I'm in the same boat as you. Done an achilles and an ankle (same leg).

Bike riding is all I can do. So I will be interested in the responses also.

I ride every second day. Between 30 minutes and an hour on my mountain bike. I need to do a longer ride like yourself, not 80+ I would have to build up to that.

I can now ride at an average of 19kph on the mountain bike. That is good for me. I try to throw some faster work and also push up the occasional hill.

This has helped me maintain some sort of fitness.

So I think doing what you suggested mixing it up will help you (and me)when you/we get back to running.

Good luck

thomo
Morley
Hi Thomo. I got the Achilles injury last November and started jog/walk (400 m repeats with 3.2K total on grass) training 6 weeks ago. Lukily there is no problem on the bike. I'm enjoying the bike and will use it as cross-training when fully recovered from injury. Hence my question on best approach.
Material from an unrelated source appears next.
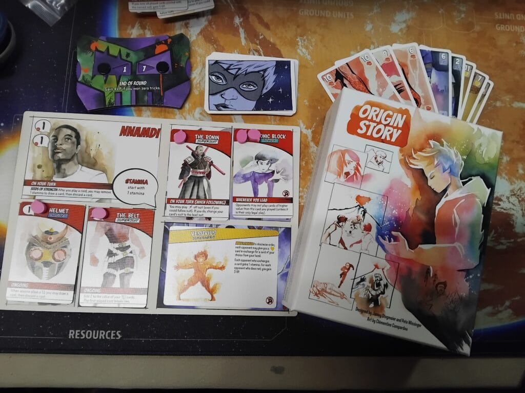 Jeu de plis, jeu de super héros à pouvoir, jeu de construction de deck… voilà beaucoup de choses pour cette boîte, ces paquets de cartes et ces livrets de personnage. Vous incarnez donc par exemple Nmandi, un enfant pleurant au milieu de ruines fumantes jusqu’au moment où des fleurs mystérieuses lui confient un super pouvoir. À chaque tour, on reçoit 3 cartes spéciales. Ce sont des super cartes. Elles peuvent être jouées à son tour, à la fin de la manche, si on ouvre en étant premier à poser une carte etc. Leurs effets sont légions : la couleur peut devenir atout, les adversaires n’ont pas le droit de jouer des valeurs plus élevées, les cartes vertes ont une valeur de + 2, si votre pari est réussi gagnez 3 PV…

My bike is a hybrid and so I can managed 24 - 25Km/hr on longer rides and quicker on the short stuff. The road bikes still fly past me. Managed over 600Km in May and happy with my fitness.

Also doing heaps of leg exercises including heel raises and drops on a step with 8Kg in a backpack (3 sets of 30 three times a day). The Achilles have never been so strong.

Seeing the physio this week and hopefull of cranking up the jogging sessions.

I'm interested in what others do on the bike as cross training. I've just applied my running program to the bike and lengthened the time spent on the bike. I was told to multipy the distance/time by 2.9 to get a rough comparrison. Did a tri the other week - 21K bike; 3.2K jog and walk; and stopped for a haircut biggrin.gif .

Hope your injury improves.
brizza
i think the best thing may be to not to get to technical about how much and just enjoy a bit of cycling until you are fit and well enough to return to running,then cross train for the hell of it
rohan
one year i was injured to the point i could only run max of 30km per week... not quite the same category as you guys. no run was longer than 10km.

was doing a longish ride of 90km.
shorter one and a half hour rides, and two velodrome sessions per week. eg. 2km hard, 1km float repeat 7 times.

ran a 36;45 10km off that training.
chonky
i was out of action for 6months last year so did some riding on a mountain bike
a typical week would have been.
mon- rest
tues- 40km with 5x2km hard efforts
wed- rest
thurs- 40km with 3x5km hard efforts
fri- rest
sat- 80- 100km easy
sun 50-60km easy/steady.
i believe the interval work on the bike helped me maintain some running fittness
when i started running again i didnt have too much trouble getting back up to speed again.
regards chonky
Colin
Just to get a little technical- sorry brizza.

If you are doing only cycling and nothing else (not rohan), then expect the quads to suffer a little bit especially on downhills, though strong on uphills.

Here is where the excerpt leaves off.